Persistent Objects and Workflow-Management with Paos

by Carlos Maltzahn
(translated into English by Jeff Bizarro)


Paos is a system for the remote-network and consistent administration of Python objects. Carlos leads us in today's issue of Python Tools in providing background to this interesting tool. As the larger application developed besides the Workflow Managment system, Chautauqua thereby is introduced and occupies the possibilities by Python in real applications.  (A German version of this article appeared first in the Linux Magazin 7/1996, pp.56-59)


The Python module shelve supports the storing of Python objects into a file. After opening a shelve files one can enter any Phython object under a name:

>>> import shelve
>>> db = shelve.open('database')
>>> db['first object'] = [1, 2, 3]
>>> db['second object'] = ('hallo', [])
>>> db['first object']
[1, 2, 3]
>>> db.close()

After terminating this interpreter session the entered objects are preserved in the a file called database. With the next call of Python these objects can be loaded using shelve.open('database'), i.e. these objects are persistent. The implementation of shelve can be configured at compile time of the Python interpreter. Different data base c-libraries are available, e.g. dbm, gdbm and bsddb. These libraries implement data structures, which enable fast access to the stored data. In two important points shelve however offers no support: it does not implement parallel access control, i.e. if several processes access persistent objects from the same shelve file, the file can become corrupt. Furthermore, shelve provides no query language.

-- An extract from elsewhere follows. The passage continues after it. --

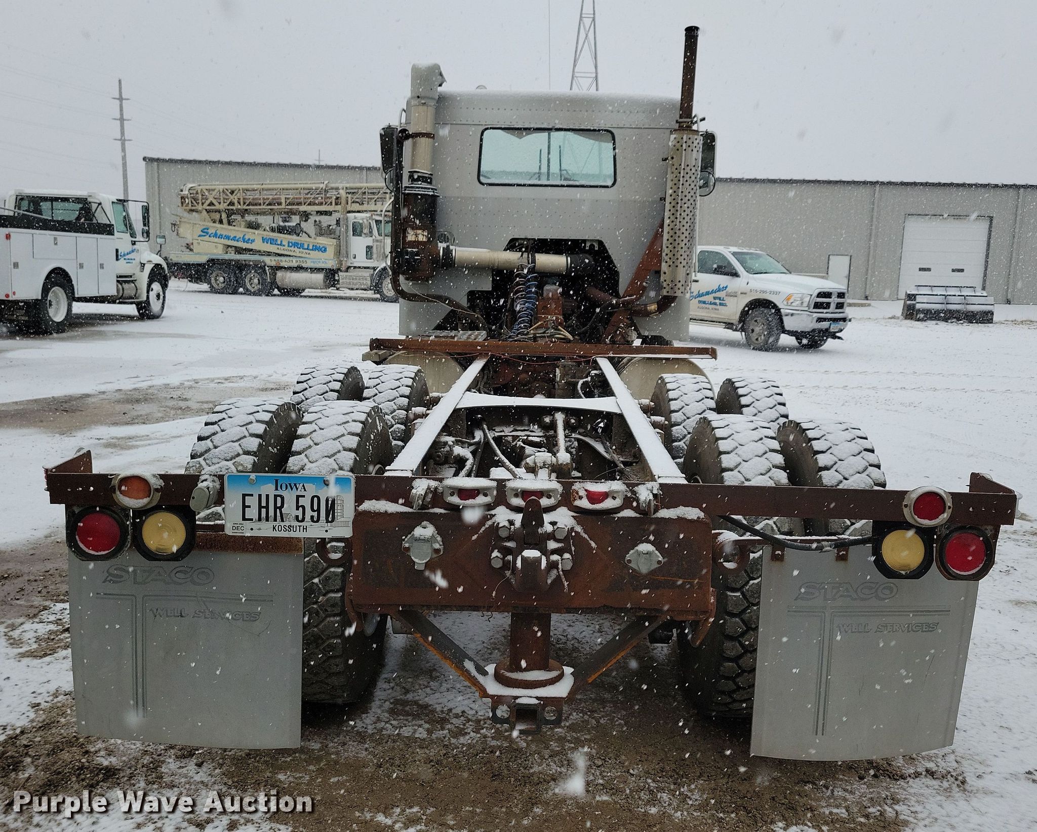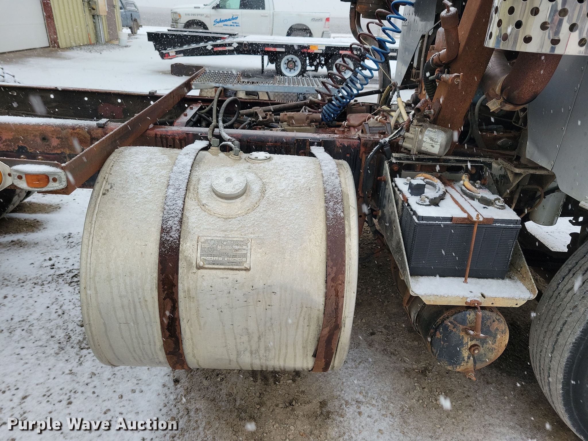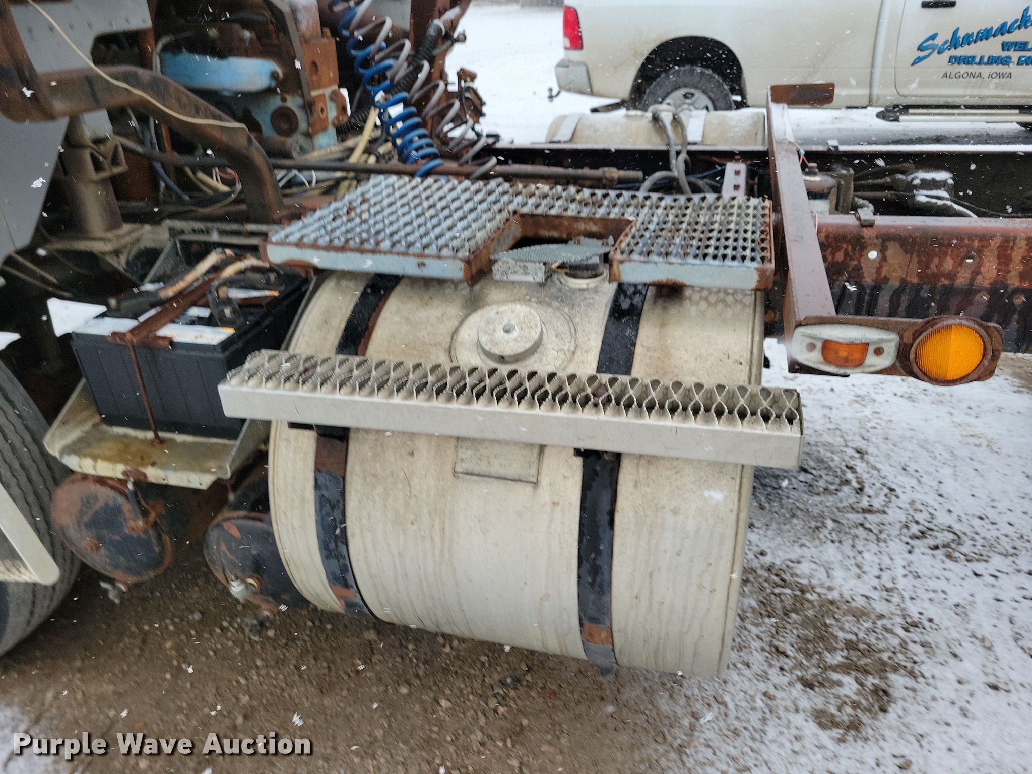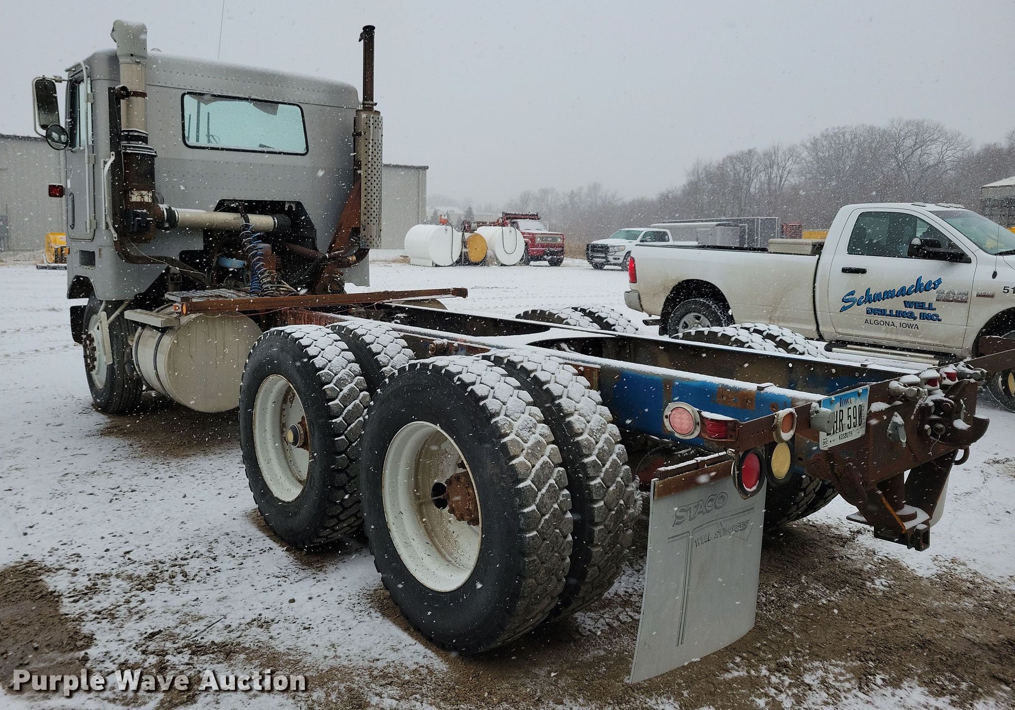 1983 Mack WS700 Cruise-Liner semi truck. Miles: 82,367 on odometer Actual mileage unknown, Hours: 3,802 on meter Actual hours unknown, VIN: 1M2Y209C1DM002182. Engine Displacement: 11.0L, Cylinders: 6, Fuel type: Diesel. Transmission Manual, Speed: 5, plus 2. Chassis Axles: Tandem, Suspension: Spring, Brakes: Air, Truck chassis: 18' 5". Interior Heat. Features Fuel tank: Dual. Tires Size: Same. Notes Possible bad starter solenoid, Unknown operating condition cab jack. Iowa title. Title distribution may be delayed up to 14 days from verification of funds. Schumacher Well Drilling. Algona, IA 50511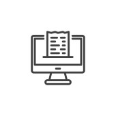Monitor komputerowy z książką, ikona linii edukacji online.

Paos (Python Active Object server) is based on shelve and implements a Client/Server architecture with parallel access control and a simple query language.

http://www.cs.colorado.edu/~carlosm/paos1-arch-english.gif

In addition Paos makes a notification service available, by which Python can use the server to be able to be informed about certain conditions. These conditions are defined by applications in the form of inquiries and registered with notifications the service in the server. Every time an application stores something with the server, the server applies the registered inquiries again to the stored objects. If a response on a request is not empty, the server transmits the response to the application, which registered the inquiry.

An example and somewhat more (or too much?) Detail

The following example illustrated how an application with the server constructs a connection, sets an inquiry and accesses to attributes of a loaded, persistent object. We assume a Paos server on the machine runs cheesy.cs.colorado.edu and waits for inquiries on the port 5000. The example produces some objects of the class person, stores it and executes an inquiry.

import Client
import ExampleSchema

# builds connection with the Paos server on
conn = Client.Connection('cheesy.cs.colorado.edu', 5000, 'example')

# produces objects
john = ExampleSchema.Person()
john.name = 'John'
sue = ExampleSchema.Person()
sue.name = 'Sue'
john.loves = sue
bill = ExampleSchema.Person()
bill.name = 'Bill'
sue.loves = bill
bill.loves = sue

# registers objects with the server
conn.register_objs([john, sue, bill])

# stores objects off
conn.commit([john, sue, bill])

# gets all instances of ' person ', those who Sue falls in love with
answer = conn.get('r', 'ExampleSchema.Person', [('loves', '==', sue)])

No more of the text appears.